● **Your task**:
Pictures excluded, output the lines of the data below between the one holding "Police say two" and the one holding "A-Derma Biology Creme", inclusive, exactly as they stand.

● **Data records**:
┏━━

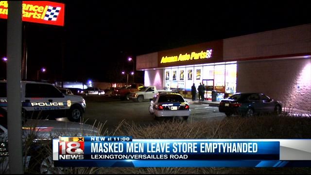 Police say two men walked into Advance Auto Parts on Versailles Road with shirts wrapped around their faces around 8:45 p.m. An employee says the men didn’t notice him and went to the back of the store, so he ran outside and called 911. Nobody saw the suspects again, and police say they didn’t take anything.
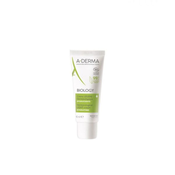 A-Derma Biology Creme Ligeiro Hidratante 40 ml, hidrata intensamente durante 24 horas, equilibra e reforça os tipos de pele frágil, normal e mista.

┗━━
┏━━

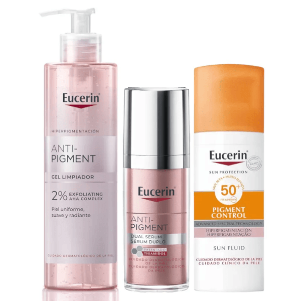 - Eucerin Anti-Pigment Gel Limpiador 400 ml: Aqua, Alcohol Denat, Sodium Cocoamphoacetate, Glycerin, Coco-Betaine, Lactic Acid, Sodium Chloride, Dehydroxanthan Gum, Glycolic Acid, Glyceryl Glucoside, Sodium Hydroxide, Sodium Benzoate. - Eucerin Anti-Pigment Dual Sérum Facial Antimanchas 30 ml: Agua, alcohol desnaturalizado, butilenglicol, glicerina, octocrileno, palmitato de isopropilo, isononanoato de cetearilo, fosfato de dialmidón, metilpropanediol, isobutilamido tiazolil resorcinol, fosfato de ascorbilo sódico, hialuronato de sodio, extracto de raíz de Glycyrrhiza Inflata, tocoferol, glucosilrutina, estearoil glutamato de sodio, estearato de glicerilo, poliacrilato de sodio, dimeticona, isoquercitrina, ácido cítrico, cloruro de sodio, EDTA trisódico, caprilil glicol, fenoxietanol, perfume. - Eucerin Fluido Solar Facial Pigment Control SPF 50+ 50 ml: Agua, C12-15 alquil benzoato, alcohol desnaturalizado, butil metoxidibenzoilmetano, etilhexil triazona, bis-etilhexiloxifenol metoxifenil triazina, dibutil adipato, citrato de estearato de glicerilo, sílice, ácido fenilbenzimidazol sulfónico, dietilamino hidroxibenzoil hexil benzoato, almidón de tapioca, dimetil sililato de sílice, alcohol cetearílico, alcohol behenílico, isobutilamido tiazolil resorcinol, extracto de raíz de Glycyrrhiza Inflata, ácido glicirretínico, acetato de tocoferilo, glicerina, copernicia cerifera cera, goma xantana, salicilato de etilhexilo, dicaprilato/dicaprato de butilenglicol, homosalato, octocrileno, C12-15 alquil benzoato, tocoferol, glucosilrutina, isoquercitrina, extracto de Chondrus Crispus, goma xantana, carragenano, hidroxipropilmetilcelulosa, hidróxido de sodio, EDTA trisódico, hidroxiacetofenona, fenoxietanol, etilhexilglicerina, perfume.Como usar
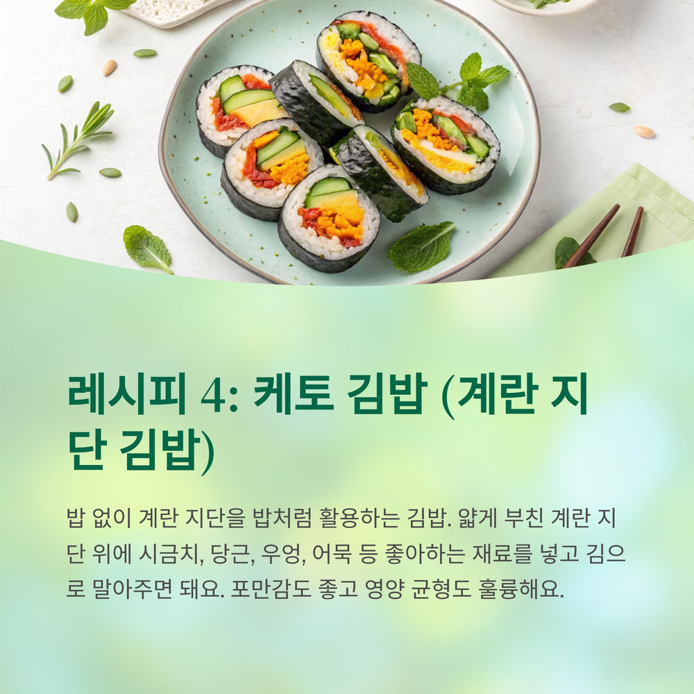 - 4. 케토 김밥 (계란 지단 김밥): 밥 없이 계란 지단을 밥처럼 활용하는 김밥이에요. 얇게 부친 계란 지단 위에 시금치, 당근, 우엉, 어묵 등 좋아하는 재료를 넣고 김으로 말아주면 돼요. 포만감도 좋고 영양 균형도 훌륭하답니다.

┗━━
┏━━

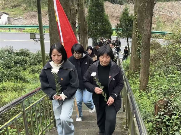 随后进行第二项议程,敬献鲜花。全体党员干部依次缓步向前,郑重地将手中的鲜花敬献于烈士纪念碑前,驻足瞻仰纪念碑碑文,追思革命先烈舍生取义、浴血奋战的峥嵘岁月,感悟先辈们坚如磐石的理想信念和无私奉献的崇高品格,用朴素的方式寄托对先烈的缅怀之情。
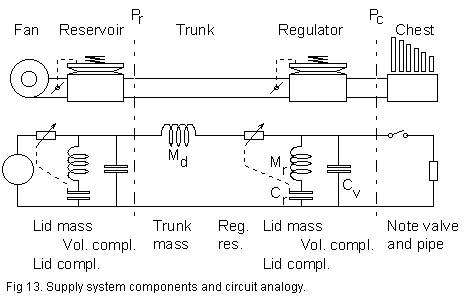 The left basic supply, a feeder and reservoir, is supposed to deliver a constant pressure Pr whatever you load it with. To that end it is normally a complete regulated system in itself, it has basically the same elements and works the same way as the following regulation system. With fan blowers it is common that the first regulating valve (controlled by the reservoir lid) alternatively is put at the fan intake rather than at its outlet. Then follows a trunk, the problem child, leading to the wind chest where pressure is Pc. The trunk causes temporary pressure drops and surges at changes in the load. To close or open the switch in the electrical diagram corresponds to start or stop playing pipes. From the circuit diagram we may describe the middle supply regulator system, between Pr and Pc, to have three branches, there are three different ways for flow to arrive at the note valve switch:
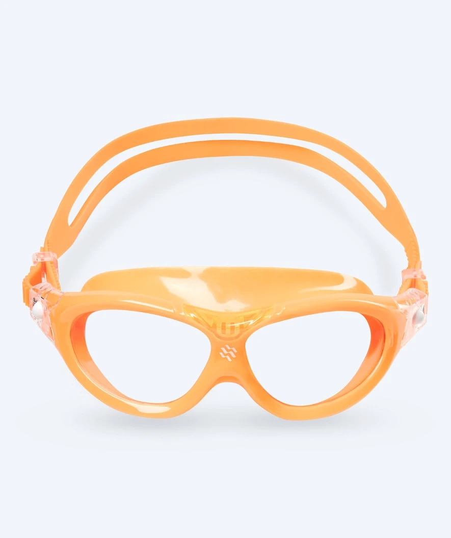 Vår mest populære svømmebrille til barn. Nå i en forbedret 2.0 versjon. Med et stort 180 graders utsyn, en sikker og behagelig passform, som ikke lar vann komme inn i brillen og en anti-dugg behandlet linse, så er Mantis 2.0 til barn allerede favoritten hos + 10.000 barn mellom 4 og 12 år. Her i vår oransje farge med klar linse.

┗━━

● **Written solution**:
 Police say two men walked into Advance Auto Parts on Versailles Road with shirts wrapped around their faces around 8:45 p.m. An employee says the men didn’t notice him and went to the back of the store, so he ran outside and called 911. Nobody saw the suspects again, and police say they didn’t take anything.
 A-Derma Biology Creme Ligeiro Hidratante 40 ml, hidrata intensamente durante 24 horas, equilibra e reforça os tipos de pele frágil, normal e mista.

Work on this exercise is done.